Pan-seared scallops over eggplant caponata, duck leg confit over braised mustard greens, and crispy duck skin salad followed, along with Unibroue Maudite. Maudite has a strong aroma of Belgian yeast so pungent it's almost spicy. The pour is reddish and slightly cloudy, and this beer's head melts down to a pleasant film. The flavor is herbal and sweet, but with a distinct alcohol bite at 8%ABV. Huge malt and yeast ester notes come through in the flavor and aroma - those Belgian yeasts again. Unibroue beers simply will not be ignored. A sip was enough to break my concentration during conversation, although my concentration is fragile as egg shells at the best of times, granted.
Every new BrewDog beer I try is a revelation, but I don't want to write about them, for fear of over saturation in this column. Is that a paradox? I don't know - but this BewDog was: Paradox Isle of Arran, to be specific. This imperial stout has huge malt and yeast aromas, those esters this time producing banana overtones. The pour produces a thick head, and the mouth feel is ultra smooth: with roasted grain flavors balanced by a sweetness reminiscent of dried fruit. The finish can leave a bitter, dark chocolate flavor on the tongue. The BrewDog Paradox was turned into a glaze by our chef and included with vanilla oil, onion puree, and a house cured, smoked, brown sugar glazed pork belly that I will literally fight you for. That's not a recommendation so much as it's a warning: I would gnaw through steel bars for this pork.

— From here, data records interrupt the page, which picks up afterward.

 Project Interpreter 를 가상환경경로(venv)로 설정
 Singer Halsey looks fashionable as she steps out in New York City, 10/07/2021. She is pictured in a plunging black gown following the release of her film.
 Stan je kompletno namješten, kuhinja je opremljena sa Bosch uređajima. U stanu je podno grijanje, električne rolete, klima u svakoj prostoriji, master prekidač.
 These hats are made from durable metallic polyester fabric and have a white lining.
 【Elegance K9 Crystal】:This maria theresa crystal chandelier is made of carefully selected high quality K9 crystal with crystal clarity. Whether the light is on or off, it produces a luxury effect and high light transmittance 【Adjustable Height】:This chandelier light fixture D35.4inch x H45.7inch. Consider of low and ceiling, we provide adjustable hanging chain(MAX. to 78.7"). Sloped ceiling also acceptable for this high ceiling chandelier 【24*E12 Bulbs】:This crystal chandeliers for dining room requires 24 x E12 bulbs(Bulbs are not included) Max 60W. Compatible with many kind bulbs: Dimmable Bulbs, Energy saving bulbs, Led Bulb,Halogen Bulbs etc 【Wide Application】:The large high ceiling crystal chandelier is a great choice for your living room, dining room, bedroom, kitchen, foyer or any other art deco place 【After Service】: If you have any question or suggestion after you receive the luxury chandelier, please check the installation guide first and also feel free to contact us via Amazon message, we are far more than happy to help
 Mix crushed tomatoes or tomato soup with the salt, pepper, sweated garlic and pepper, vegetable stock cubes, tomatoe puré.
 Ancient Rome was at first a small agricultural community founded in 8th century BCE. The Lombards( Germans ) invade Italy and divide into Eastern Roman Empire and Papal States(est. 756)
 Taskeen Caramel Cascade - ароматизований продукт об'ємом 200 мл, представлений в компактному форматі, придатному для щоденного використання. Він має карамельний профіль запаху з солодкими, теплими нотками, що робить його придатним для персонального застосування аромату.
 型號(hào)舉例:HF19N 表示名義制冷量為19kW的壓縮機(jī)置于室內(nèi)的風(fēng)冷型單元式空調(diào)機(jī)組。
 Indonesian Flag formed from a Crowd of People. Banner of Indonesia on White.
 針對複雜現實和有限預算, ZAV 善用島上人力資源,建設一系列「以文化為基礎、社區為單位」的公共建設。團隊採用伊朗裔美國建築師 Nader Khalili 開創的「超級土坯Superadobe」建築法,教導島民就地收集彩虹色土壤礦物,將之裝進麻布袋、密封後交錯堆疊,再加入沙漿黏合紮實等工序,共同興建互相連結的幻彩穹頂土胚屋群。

Speaking of beer added to meat, chef Carrion marinated a rib eye in Sierra Nevada 30th Anniversary Grand Cru and served it up over Vermont's own Shelburne cheddar cheese (in polenta) with crisp spinach and a mustard gastrique, along with the aforementioned beer. This celebration beer from the Chico, California brewery is spicy and fruity, with a tiny lavender hint right at the beginning, all significantly butched up with a good hop profile. This complex beer may not be an easy find, but it's worth the search
Lambics are a very different type of beer. Brewed in the Senne valley southwest of Brussels, this style is brewed from barley and wheat, and then left to cool in open-air coolships where it is inoculated with wild yeast spores that float in through louvered walls. The unique yeasts of this region produce a spontaneous fermentation which continues through a maturation process in wine barrels for a year or two, and can usually be found in this country having been re-fermented with fruits. A Cherish Kriek (cherry) lambic was served with whipped cream, next to a peanut butter and jelly cheesecake with cassis (blackcurrant) glaze and a cassis lambic from Lindeman's. Third on the dessert plate was coconut rice pudding with apple marmalade and Faro lambic: a simple lambic sweetened with sugar and tasting of honeysuckle.
The Cask Republic experience reminds you just about every step of the way that its proprietor, chef and cicerones (or beer sommeliers) Get It. In a town with a fantastic culinary culture, it joins Delaney's and Prime 16 in a triumvirate of taste for the beer aficionado.